Currently, small-molecule drug discovery is a long and costly process. AI-enabled virtual screening is the latest advance in accelerating the process. Computational screening provides a feasible trajectory to fully explore and interrogate the expansive universe of chemical compounds capable of binding protein targets of clinical interest.
X-37 uses AtomNet, an AI algorithm developed by Atomwise, to identify chemicals with drug-like structures to accelerate the drug discovery process for difficult-to-target proteins -- often characterized as undruggable.
X-37 combines the power of AtomNet with the capabilities of a team of seasoned and successful drug developers to bring promising small molecules into clinical development.
Combining the speed and scale of artificial intelligence with traditional aspects of drug discovery differentiates X-37 from other drug discovery companies.
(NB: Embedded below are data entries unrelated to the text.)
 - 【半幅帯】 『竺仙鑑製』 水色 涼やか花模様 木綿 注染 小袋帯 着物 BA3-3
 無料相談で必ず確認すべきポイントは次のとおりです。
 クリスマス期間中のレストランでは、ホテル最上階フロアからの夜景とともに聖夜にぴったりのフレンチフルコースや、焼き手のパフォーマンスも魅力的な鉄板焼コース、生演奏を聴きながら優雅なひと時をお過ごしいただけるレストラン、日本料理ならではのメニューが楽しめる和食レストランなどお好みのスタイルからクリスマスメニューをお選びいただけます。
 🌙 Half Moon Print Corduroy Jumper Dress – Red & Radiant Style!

Target selection and identification of the most attractive drug binding sites on each target is carried out by seasoned chemists, data scientists, and biologists.
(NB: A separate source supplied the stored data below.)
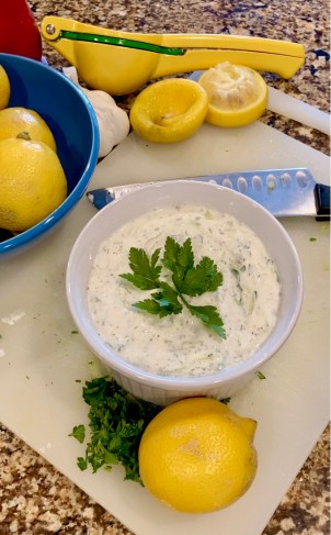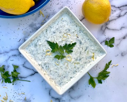 Filled with crisp cucumbers, tart lemon, flavorful garlic and savory herbs, this sauce is fresh and delicious. When I make Greek food at home, I whip up a batch to enjoy with my Greek Turkey Meat-Bowls, Chicken Kebabs, Pita bread, Lemon Rice, Roasted Vegetables. This recipe would also be good with your favorite fish or as a snack with veggies and pita chips.
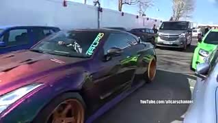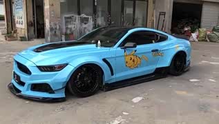 一辆蓝色的野马,底盘被改的完全在地上磨着跑!
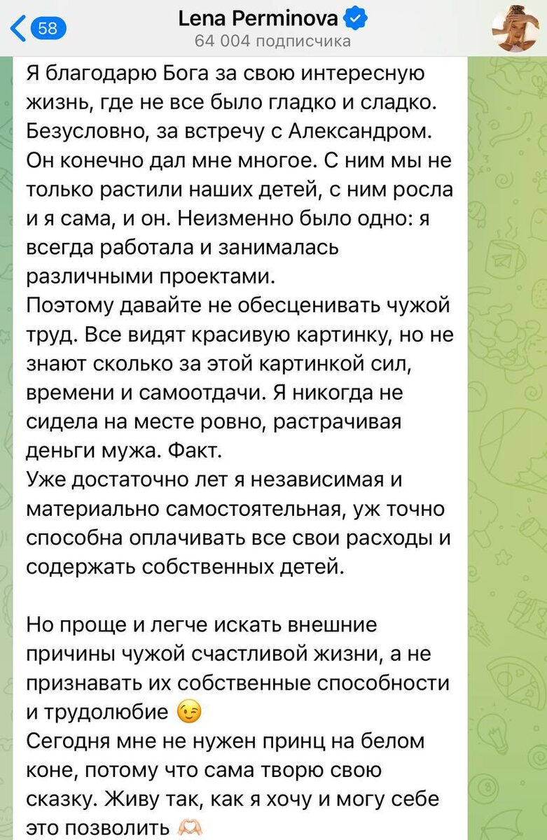 Ну не то чтобы Елена Перминова прям всегда работала. Просто как раз, через четыре года после начала отношений Лены и Лебедева, очень удачно и своевременно изобрели инстаграм (запрещен), и все как-то покатилось само. А вот уже дальше стало необходимо трудиться над возделыванием этой своей прибыльной грядочки. И молодец вообще-то. Да и вообще Лена, Героиня вам рекомендует никому ничего больше не объяснять. Haters gonna hate, как мы знаем.

Target and binding site selection are followed by the application of AtomNet -- an AI algorithm that is tuned to find the most attractive drug hits while filtering out those with unwanted characteristics. This approach accelerates the drug discovery process by interrogating a massive chemical space for the best compounds with the speed of a CPU. The next step reverts to time-tested chemical Structure Activity Relationship (SAR) to select the best compound for IND-enabling studies and clinical trials.